Brief -> Copy the listing below exactly. Pictures stay out of it.

The data ->
■ ■ ■ ■
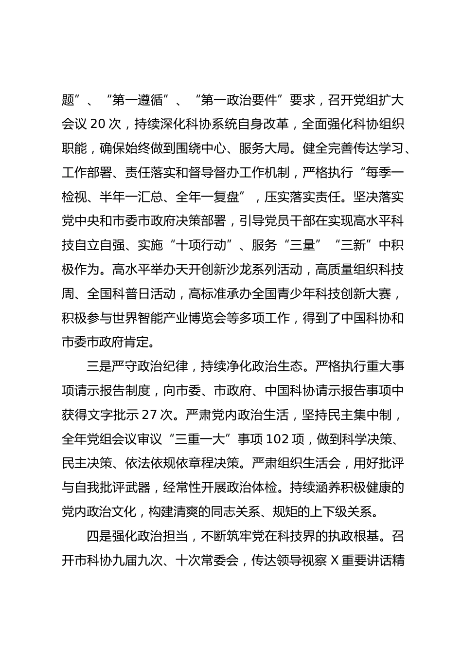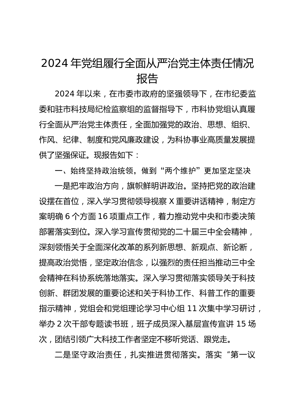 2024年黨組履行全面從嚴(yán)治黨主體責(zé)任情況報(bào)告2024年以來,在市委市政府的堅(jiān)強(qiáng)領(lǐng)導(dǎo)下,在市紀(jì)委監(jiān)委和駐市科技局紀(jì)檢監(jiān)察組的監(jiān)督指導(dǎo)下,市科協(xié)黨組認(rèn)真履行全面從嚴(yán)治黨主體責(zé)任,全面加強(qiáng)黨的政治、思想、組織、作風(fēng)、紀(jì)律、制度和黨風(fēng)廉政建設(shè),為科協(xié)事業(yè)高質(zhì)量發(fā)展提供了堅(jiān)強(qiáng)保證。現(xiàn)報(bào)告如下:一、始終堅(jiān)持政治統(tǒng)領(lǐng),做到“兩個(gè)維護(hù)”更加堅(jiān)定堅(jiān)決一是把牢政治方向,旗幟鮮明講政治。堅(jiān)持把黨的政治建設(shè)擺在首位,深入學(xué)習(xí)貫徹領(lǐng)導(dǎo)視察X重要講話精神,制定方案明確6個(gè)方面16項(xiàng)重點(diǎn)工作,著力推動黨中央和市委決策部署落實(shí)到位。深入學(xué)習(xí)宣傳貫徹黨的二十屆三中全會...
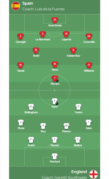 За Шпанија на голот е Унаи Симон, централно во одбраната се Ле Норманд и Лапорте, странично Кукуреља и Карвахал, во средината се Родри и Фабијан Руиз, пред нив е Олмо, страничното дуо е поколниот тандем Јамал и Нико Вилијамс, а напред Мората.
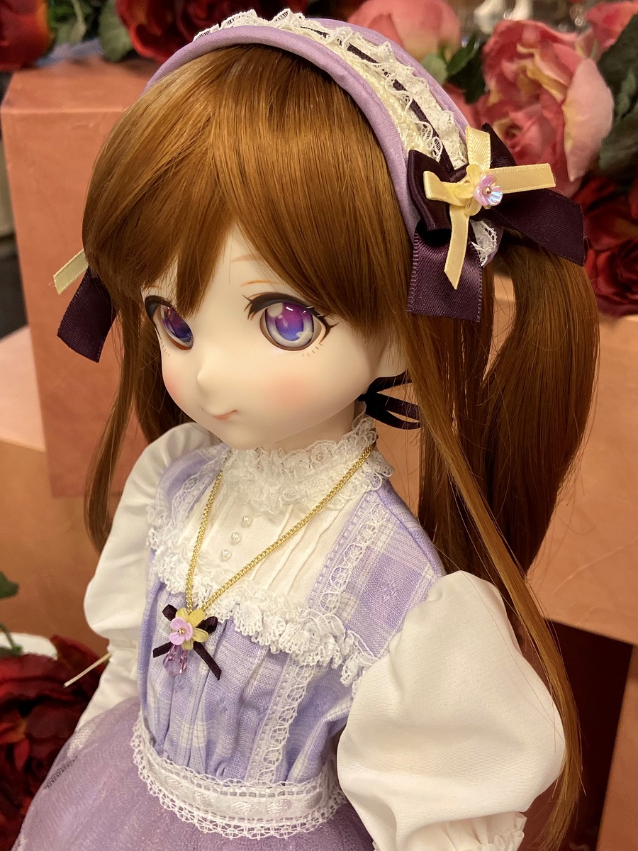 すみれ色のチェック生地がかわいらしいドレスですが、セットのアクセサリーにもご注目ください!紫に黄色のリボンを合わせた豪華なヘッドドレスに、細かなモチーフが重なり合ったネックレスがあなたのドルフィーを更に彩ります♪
■ ■ ■ ■
Answer to the exercise ->
 2024年黨組履行全面從嚴(yán)治黨主體責(zé)任情況報(bào)告2024年以來,在市委市政府的堅(jiān)強(qiáng)領(lǐng)導(dǎo)下,在市紀(jì)委監(jiān)委和駐市科技局紀(jì)檢監(jiān)察組的監(jiān)督指導(dǎo)下,市科協(xié)黨組認(rèn)真履行全面從嚴(yán)治黨主體責(zé)任,全面加強(qiáng)黨的政治、思想、組織、作風(fēng)、紀(jì)律、制度和黨風(fēng)廉政建設(shè),為科協(xié)事業(yè)高質(zhì)量發(fā)展提供了堅(jiān)強(qiáng)保證。現(xiàn)報(bào)告如下:一、始終堅(jiān)持政治統(tǒng)領(lǐng),做到“兩個(gè)維護(hù)”更加堅(jiān)定堅(jiān)決一是把牢政治方向,旗幟鮮明講政治。堅(jiān)持把黨的政治建設(shè)擺在首位,深入學(xué)習(xí)貫徹領(lǐng)導(dǎo)視察X重要講話精神,制定方案明確6個(gè)方面16項(xiàng)重點(diǎn)工作,著力推動黨中央和市委決策部署落實(shí)到位。深入學(xué)習(xí)宣傳貫徹黨的二十屆三中全會...
 За Шпанија на голот е Унаи Симон, централно во одбраната се Ле Норманд и Лапорте, странично Кукуреља и Карвахал, во средината се Родри и Фабијан Руиз, пред нив е Олмо, страничното дуо е поколниот тандем Јамал и Нико Вилијамс, а напред Мората.
 すみれ色のチェック生地がかわいらしいドレスですが、セットのアクセサリーにもご注目ください!紫に黄色のリボンを合わせた豪華なヘッドドレスに、細かなモチーフが重なり合ったネックレスがあなたのドルフィーを更に彩ります♪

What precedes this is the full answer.